Retinal disease caused by the herpesviruses, cytomegalovirus (CMV), varicella zoster virus (VZV), and herpes simplex virus 1 (HSV-1), is the major cause of vision loss in patients with the acquired immunodeficiency syndrome (AIDS). CMV retinitis is a progressive disease which, if untreated, causes retinal detachment and blindness. It begins in the retinal capillaries and spreads directionally through the retina to the polarized retinal pigment epithelium (RPE). In cultures of polarized RPE cells, CMV preferentially infects the apical surface membrane and progeny virions spread from cell to cell across junctional complexes of the lateral membranes. Cell-cell spread is different from entry across the apical membrane, as in polarized cells these membranes contains different proteins. Preliminary experiments showed that CMV and HSV-1 mutants that lack certain glycoproteins, US8/US9 in CMV and gE/gI in HSV-1, are significantly impaired in cell-cell spread in polarized RPE cells, although they grow normally in unpolarized fibroblasts, and fail to alter tight junction proteins. This exciting finding revealed that CMV US9 and US8 are functional homologues of gE and gI in HSV-1 and VZV. HSV-1 and pseudorabies virus (PrV) gE function in pathogenesis of ocular infections by facilitating cell-cell spread of virus in the eye and in the central nervous system. CMV US8 and US9 are similar in amino acid sequence to alpha herpesvirus gE and gI and to Vibrio cholerae proteins in a virulence cassette, zonula occludens toxin (Zot) and accessory cholera entertoxin (Ace), which increase the permeability of intestinal epithelial cells. These herpesvirus and bacterial proteins are also similar to families of mammalian Ca2+ and C1- transporters, which predicts their possible functions. It is proposed to investigate the role of gE/gI homologues in pathogenesis and to elucidate their biological activities and the mechanisms by which they alter polarity of epithelial and neuronal cells.
The aims are as follows.
Aim 1. Determine the degree of functional similarity between CMV US9 and HSV-1 gE in altering cellular proteins that maintain polarity. Compare the properties of US9- and gE-expressing MDCK cells. Express US9 and gE in polarized RPE cells and assess changes in cell proteins that maintain polarity and integrity of the actin cytoskeleton. Evaluate effects of mutants in US9 and gE on other cell types affected in herpesvirus retinitis.
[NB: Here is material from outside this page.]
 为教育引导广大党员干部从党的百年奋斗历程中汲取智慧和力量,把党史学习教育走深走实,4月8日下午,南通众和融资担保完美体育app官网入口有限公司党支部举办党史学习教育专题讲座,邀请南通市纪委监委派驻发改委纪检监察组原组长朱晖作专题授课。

Aim 2. Determine whether US9 and US8 function as a heterodimer similarly to HSV-1 gE/gI to promote cell-cell spread of virus. Study the synthesis, processing, and transport of CMV US8 and HSV- 1 gI in MDCK cells expressing these glycoproteins. Compare heterodimer formation between US8/US9 in parallel with HSV-1 gE/gI. Analyze the transport of US8/US9 and gE/gI heterodimers and their effect on patterns of cellular proteins. Evaluate the functional homology of CMV US8/US9 by constructing a HSV-1 recombinant.
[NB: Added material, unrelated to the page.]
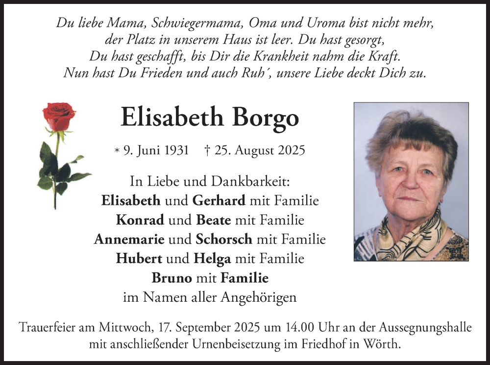 Hier finden Sie alle Traueranzeigen aus der Zeitung, die bisher für Elisabeth Borgo erschienen sind. Weitere Traueranzeigen, die in der Zeitung erscheinen, werden hier ebenfalls aufgelistet

Aim 3. Investigate the mechanisms by which CMV US8 and US9, HSV-1 gE and gI, and their heterodimers alter the cellular proteins that maintain polarity. Determine whether US9 and gE, and US8 and gI, function as ion transporters. As an alternative, identify cellular ligands for these viral glycoproteins, as predicted experimentally by altered properties of the actin cytoskeleton. Examine the effect of site-directed mutations on the glycoprotein functions. Construct HSV-1 and CMV recombinants with mutated forms of US8/US9 and gE/gI. Findings of these studies will have far-reaching implications for understanding pathogenic mechanisms of herpesviruses and form a foundation for developing novel strategies to arrest cell-cell spread of retinal herpesvirus infections.